▶ **Exercise instructions**
Stop after the line that contains "メンズワイドレッグストレートスタイルのデニムジーンズ"; until then, restate each line of the entries word for word from the very first.
Supplied material Block Start
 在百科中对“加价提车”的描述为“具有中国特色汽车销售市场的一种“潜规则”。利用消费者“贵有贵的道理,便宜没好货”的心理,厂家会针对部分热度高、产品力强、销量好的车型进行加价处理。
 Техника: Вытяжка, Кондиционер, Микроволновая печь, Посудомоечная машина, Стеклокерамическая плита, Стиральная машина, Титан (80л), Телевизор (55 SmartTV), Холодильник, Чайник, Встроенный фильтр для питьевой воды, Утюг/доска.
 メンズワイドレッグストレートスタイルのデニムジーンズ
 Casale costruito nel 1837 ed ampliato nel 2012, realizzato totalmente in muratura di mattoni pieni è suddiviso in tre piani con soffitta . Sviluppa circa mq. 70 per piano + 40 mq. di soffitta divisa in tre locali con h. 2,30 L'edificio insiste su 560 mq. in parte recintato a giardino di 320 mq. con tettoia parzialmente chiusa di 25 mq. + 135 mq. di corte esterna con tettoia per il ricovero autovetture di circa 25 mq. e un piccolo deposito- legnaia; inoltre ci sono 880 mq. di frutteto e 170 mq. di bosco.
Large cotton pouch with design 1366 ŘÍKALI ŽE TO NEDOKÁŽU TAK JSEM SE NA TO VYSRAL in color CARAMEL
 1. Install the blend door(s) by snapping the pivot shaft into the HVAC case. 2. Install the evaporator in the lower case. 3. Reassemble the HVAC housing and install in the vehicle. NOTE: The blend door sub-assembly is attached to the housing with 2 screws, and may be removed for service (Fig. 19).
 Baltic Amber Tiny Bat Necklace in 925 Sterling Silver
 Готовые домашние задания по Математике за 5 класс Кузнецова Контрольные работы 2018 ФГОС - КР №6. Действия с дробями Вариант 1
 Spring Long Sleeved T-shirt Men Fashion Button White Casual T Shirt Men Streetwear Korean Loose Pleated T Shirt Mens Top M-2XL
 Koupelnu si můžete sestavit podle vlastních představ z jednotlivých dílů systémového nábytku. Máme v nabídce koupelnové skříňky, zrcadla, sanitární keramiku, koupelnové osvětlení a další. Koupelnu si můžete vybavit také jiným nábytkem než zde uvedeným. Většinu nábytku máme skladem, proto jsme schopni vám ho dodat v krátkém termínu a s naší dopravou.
Supplied material Block End
▶ **Task solution**
 在百科中对“加价提车”的描述为“具有中国特色汽车销售市场的一种“潜规则”。利用消费者“贵有贵的道理,便宜没好货”的心理,厂家会针对部分热度高、产品力强、销量好的车型进行加价处理。
 Техника: Вытяжка, Кондиционер, Микроволновая печь, Посудомоечная машина, Стеклокерамическая плита, Стиральная машина, Титан (80л), Телевизор (55 SmartTV), Холодильник, Чайник, Встроенный фильтр для питьевой воды, Утюг/доска.
 メンズワイドレッグストレートスタイルのデニムジーンズ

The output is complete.